This grew out of discussions, on this blog, of the press memos that shaped coverage of the recent votes at the Northern Virginia parishes that decided to exit the U.S. Episcopal Church in order to affirm their ties to traditional Anglicans in the Third World and elsewhere.

The more I thought about it, the more I became interested in the topic of the rights and wrongs of press coverage of worship rites.

That led to a reflection on that topic for Poynter that began with this personal anecdote from the other side of the reporter’s notebook:

Something happened early in my religion-beat career that changed my view of the freedom most journalists enjoy when covering worship services.

It was the early 1980s and the death penalty was in the news in North Carolina. I was working at The Charlotte (N.C.) Observer, but wasn’t covering that story.

The parish I attended, however, was holding a vigil on the night of a major execution and, as a person who opposes the “culture of death” in all its forms, I decided to attend the service. What I failed to realize was the journalistic importance of our church being visually beautiful and close to the downtown media.

Our small flock gathered late that night to say prayers in the darkened sanctuary, which was lit by a few candles near the altar.

Then we were invaded.

As our priest tried to lead us in a hushed litany, a television crew entered. I confess that I stopped my prayers long enough to study the lighting rig mounted on the cameraman’s shoulders. It turned him into an alien-like creature as he clanked down the center aisle. He proceeded right past the pulpit and, before reaching the altar, turned to shoot from behind the priest. His lights almost blinded the people kneeling in the front rows.

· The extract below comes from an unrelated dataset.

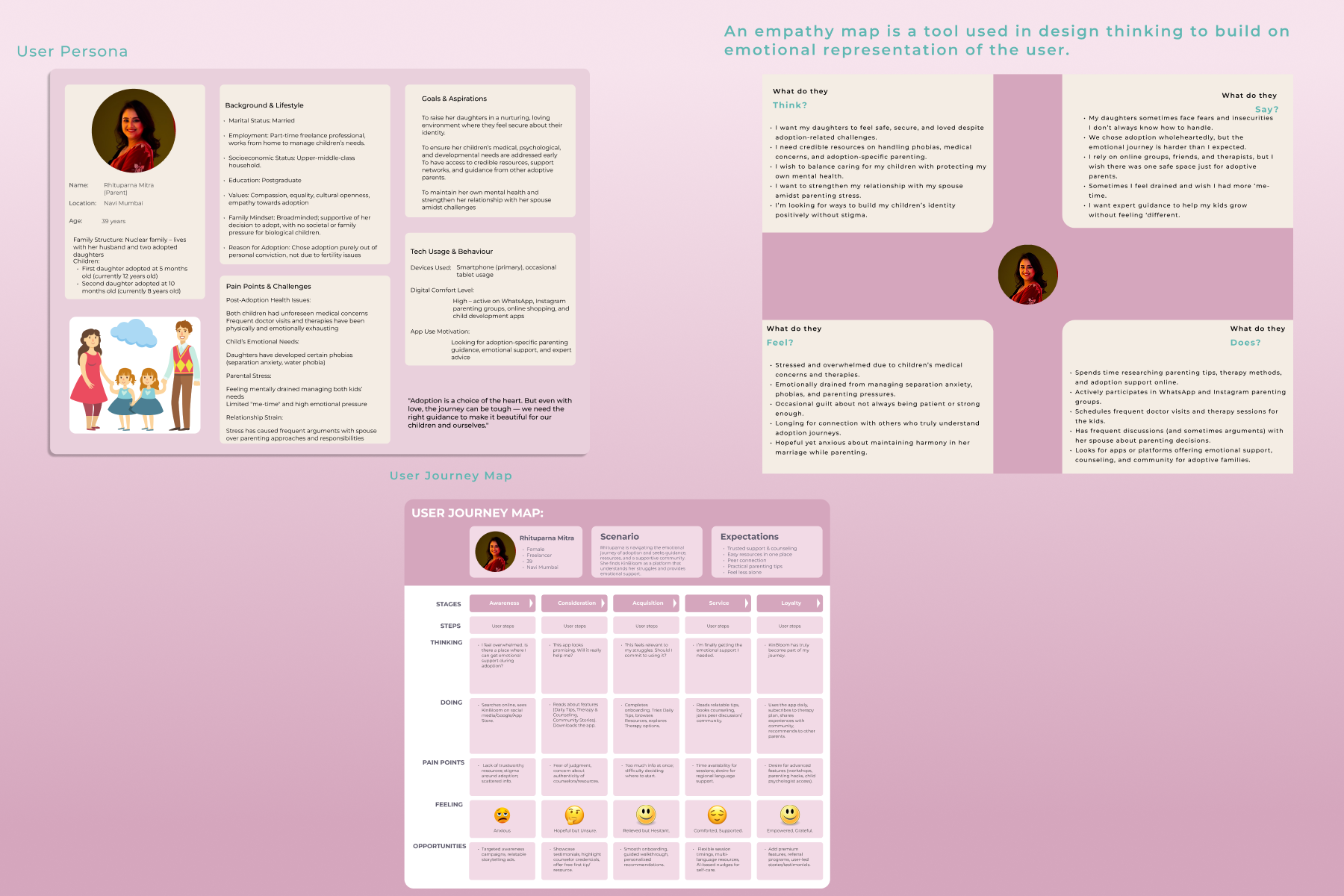 One major challenge was addressing the deeply emotional and sensitive nature of adoption without triggering users. Translating psychological insights into simple, comforting design interactions required careful tone and visual balance. Limited real user data also made validating emotional responses difficult, so secondary research and expert input became essential for accuracy and empathy.

I remember thinking: How ironic. Here I am offering prayers against the death penalty and I want to kill that guy.

Would members of our church, if asked in advance, have approved what these journalists did? No way. Would we have been willing to discuss some way they could have covered our service without turning it into an ordeal for worshippers? Of course.

Could journalists have sat, silently, listening to the prayers and perhaps recording them for audio that could have been mixed with images filmed later? Could some video have been taken without lights? The bottom line: Was there a way to cover the news contained in this worship service without leaving the participants convinced that the journalists didn’t care about the negative impact that they had on the service itself?

I would be interested in reactions from working journalists to this little essay. Also, you could — please do — let the folks at Poynter know what you think. Can anyone else share another “alien invasion” story similar to this one?

Oh, and I changed one word in the Poynter essay when I posted this slice of text. Can anyone spot it? Also, why do you think the editor wanted to change it?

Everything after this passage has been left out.